Activity →
Leave out any pictures and transcribe all other data below exactly.

BEGIN Data

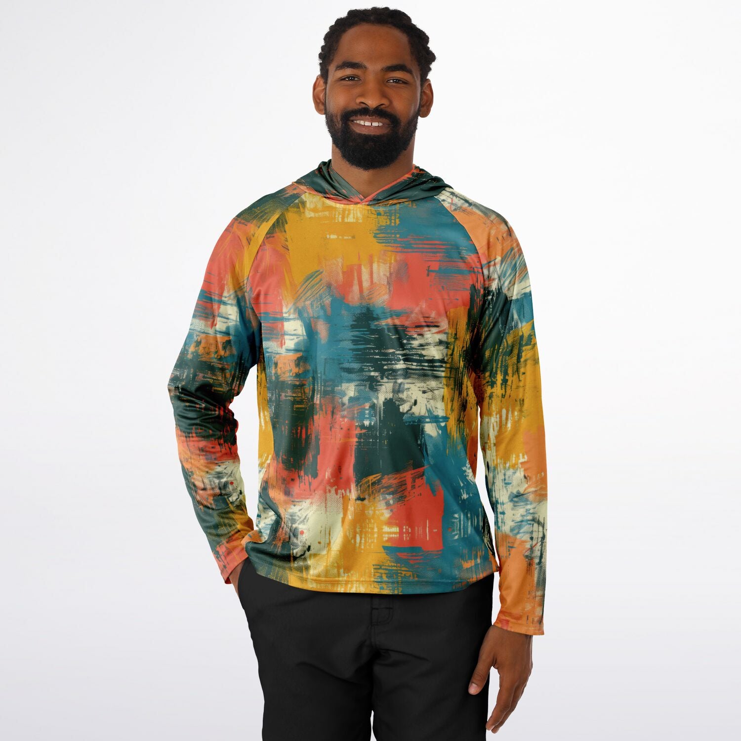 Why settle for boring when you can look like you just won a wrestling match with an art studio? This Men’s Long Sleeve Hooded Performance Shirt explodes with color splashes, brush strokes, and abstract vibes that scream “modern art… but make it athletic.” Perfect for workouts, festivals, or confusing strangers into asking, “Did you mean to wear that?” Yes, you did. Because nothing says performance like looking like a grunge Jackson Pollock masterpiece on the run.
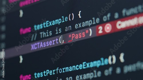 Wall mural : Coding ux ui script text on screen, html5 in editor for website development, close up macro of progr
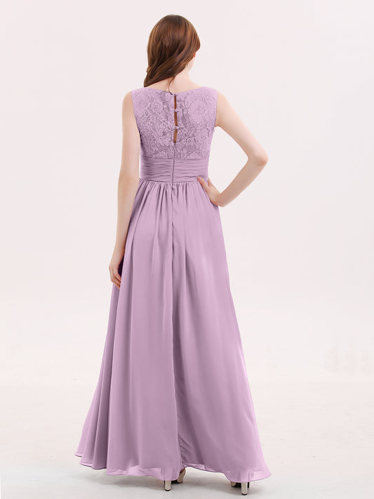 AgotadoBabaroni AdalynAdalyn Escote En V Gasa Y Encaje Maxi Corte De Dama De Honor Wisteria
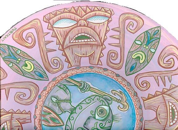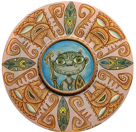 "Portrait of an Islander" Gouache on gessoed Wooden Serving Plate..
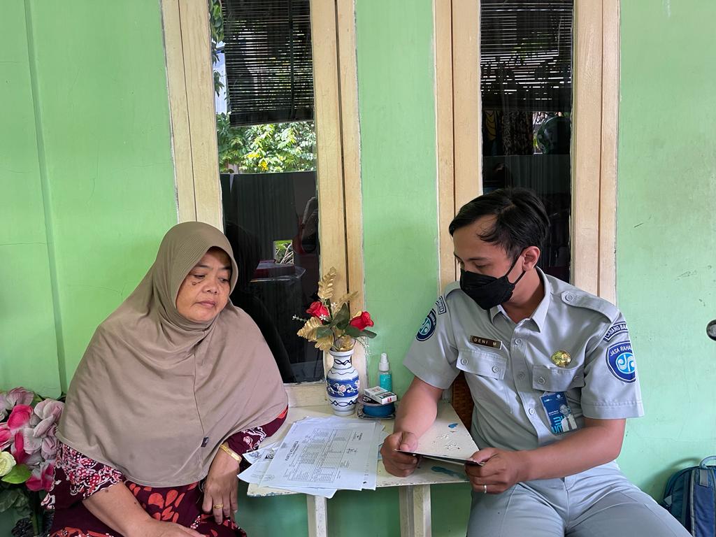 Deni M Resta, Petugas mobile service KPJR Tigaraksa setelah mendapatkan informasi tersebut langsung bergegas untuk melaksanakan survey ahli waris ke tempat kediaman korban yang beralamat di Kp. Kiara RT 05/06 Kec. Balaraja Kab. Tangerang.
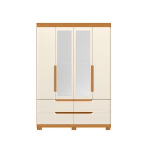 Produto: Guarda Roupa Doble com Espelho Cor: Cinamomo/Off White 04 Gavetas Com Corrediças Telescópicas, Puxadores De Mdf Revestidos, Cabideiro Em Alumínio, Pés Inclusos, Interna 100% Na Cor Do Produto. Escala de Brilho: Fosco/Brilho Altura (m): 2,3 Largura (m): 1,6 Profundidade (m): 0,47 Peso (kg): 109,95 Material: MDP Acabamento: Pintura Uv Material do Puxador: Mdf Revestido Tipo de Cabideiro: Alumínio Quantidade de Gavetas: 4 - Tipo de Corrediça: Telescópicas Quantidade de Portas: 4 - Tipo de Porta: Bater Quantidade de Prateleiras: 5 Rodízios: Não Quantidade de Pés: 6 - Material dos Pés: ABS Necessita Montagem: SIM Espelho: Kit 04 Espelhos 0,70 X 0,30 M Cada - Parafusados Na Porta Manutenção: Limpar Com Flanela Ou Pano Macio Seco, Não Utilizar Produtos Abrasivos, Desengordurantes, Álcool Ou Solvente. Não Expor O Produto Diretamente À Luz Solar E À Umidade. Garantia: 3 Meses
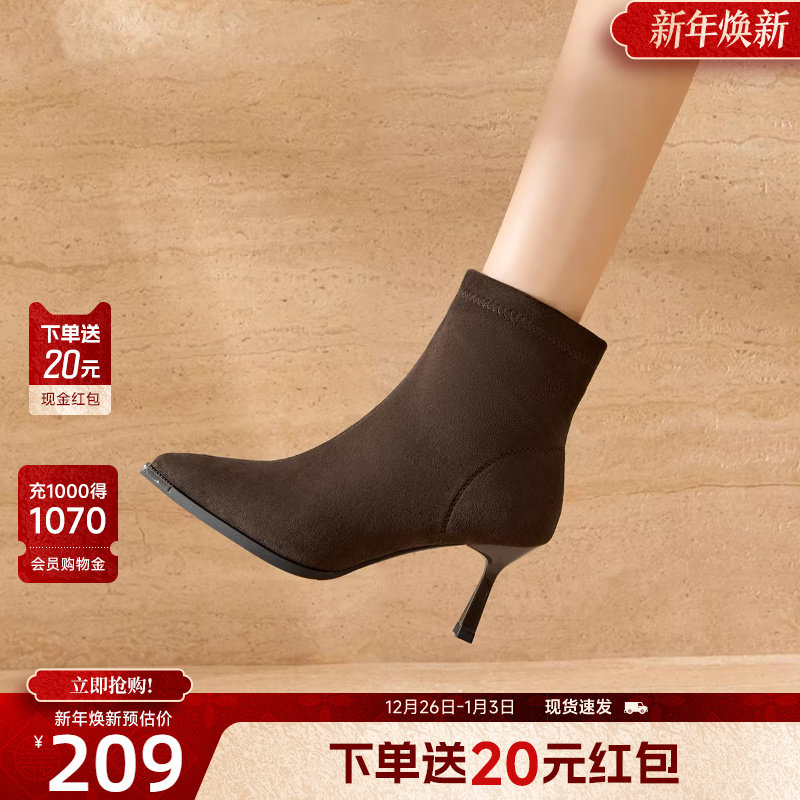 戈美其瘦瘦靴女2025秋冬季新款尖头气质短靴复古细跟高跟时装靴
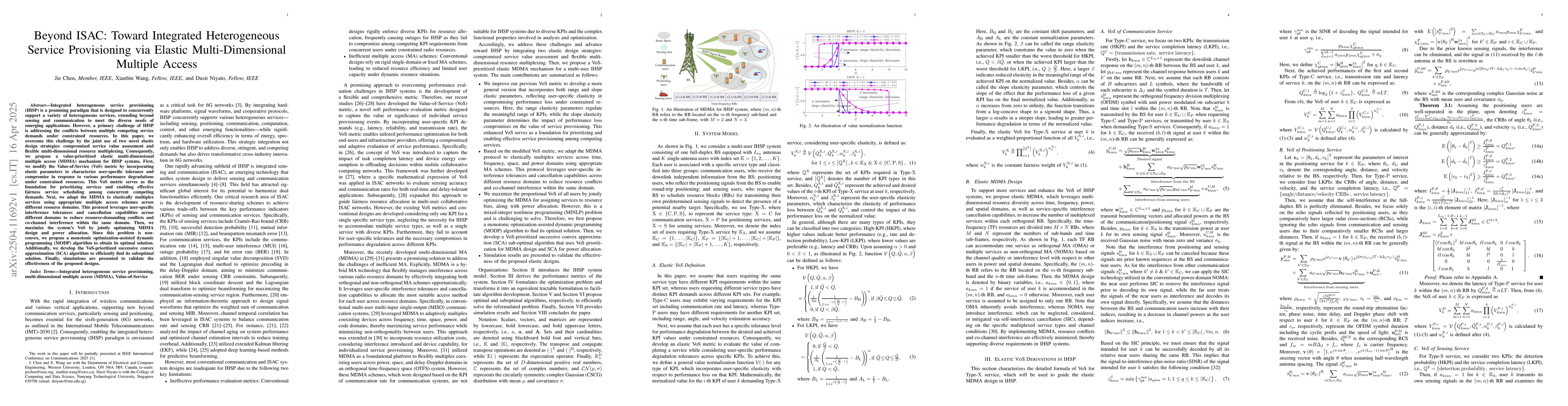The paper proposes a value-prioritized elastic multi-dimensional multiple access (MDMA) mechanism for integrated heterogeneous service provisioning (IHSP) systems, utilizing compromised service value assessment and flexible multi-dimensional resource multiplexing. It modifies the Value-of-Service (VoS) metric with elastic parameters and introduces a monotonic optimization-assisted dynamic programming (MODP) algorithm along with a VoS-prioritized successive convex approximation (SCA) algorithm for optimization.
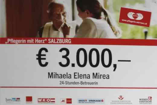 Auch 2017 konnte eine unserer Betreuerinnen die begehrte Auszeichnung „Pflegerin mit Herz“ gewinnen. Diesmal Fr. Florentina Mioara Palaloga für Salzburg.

END Data

Solution →
 Why settle for boring when you can look like you just won a wrestling match with an art studio? This Men’s Long Sleeve Hooded Performance Shirt explodes with color splashes, brush strokes, and abstract vibes that scream “modern art… but make it athletic.” Perfect for workouts, festivals, or confusing strangers into asking, “Did you mean to wear that?” Yes, you did. Because nothing says performance like looking like a grunge Jackson Pollock masterpiece on the run.
 Wall mural : Coding ux ui script text on screen, html5 in editor for website development, close up macro of progr
 AgotadoBabaroni AdalynAdalyn Escote En V Gasa Y Encaje Maxi Corte De Dama De Honor Wisteria
 "Portrait of an Islander" Gouache on gessoed Wooden Serving Plate..
 Deni M Resta, Petugas mobile service KPJR Tigaraksa setelah mendapatkan informasi tersebut langsung bergegas untuk melaksanakan survey ahli waris ke tempat kediaman korban yang beralamat di Kp. Kiara RT 05/06 Kec. Balaraja Kab. Tangerang.
 Produto: Guarda Roupa Doble com Espelho Cor: Cinamomo/Off White 04 Gavetas Com Corrediças Telescópicas, Puxadores De Mdf Revestidos, Cabideiro Em Alumínio, Pés Inclusos, Interna 100% Na Cor Do Produto. Escala de Brilho: Fosco/Brilho Altura (m): 2,3 Largura (m): 1,6 Profundidade (m): 0,47 Peso (kg): 109,95 Material: MDP Acabamento: Pintura Uv Material do Puxador: Mdf Revestido Tipo de Cabideiro: Alumínio Quantidade de Gavetas: 4 - Tipo de Corrediça: Telescópicas Quantidade de Portas: 4 - Tipo de Porta: Bater Quantidade de Prateleiras: 5 Rodízios: Não Quantidade de Pés: 6 - Material dos Pés: ABS Necessita Montagem: SIM Espelho: Kit 04 Espelhos 0,70 X 0,30 M Cada - Parafusados Na Porta Manutenção: Limpar Com Flanela Ou Pano Macio Seco, Não Utilizar Produtos Abrasivos, Desengordurantes, Álcool Ou Solvente. Não Expor O Produto Diretamente À Luz Solar E À Umidade. Garantia: 3 Meses
 戈美其瘦瘦靴女2025秋冬季新款尖头气质短靴复古细跟高跟时装靴
The paper proposes a value-prioritized elastic multi-dimensional multiple access (MDMA) mechanism for integrated heterogeneous service provisioning (IHSP) systems, utilizing compromised service value assessment and flexible multi-dimensional resource multiplexing. It modifies the Value-of-Service (VoS) metric with elastic parameters and introduces a monotonic optimization-assisted dynamic programming (MODP) algorithm along with a VoS-prioritized successive convex approximation (SCA) algorithm for optimization.
 Auch 2017 konnte eine unserer Betreuerinnen die begehrte Auszeichnung „Pflegerin mit Herz“ gewinnen. Diesmal Fr. Florentina Mioara Palaloga für Salzburg.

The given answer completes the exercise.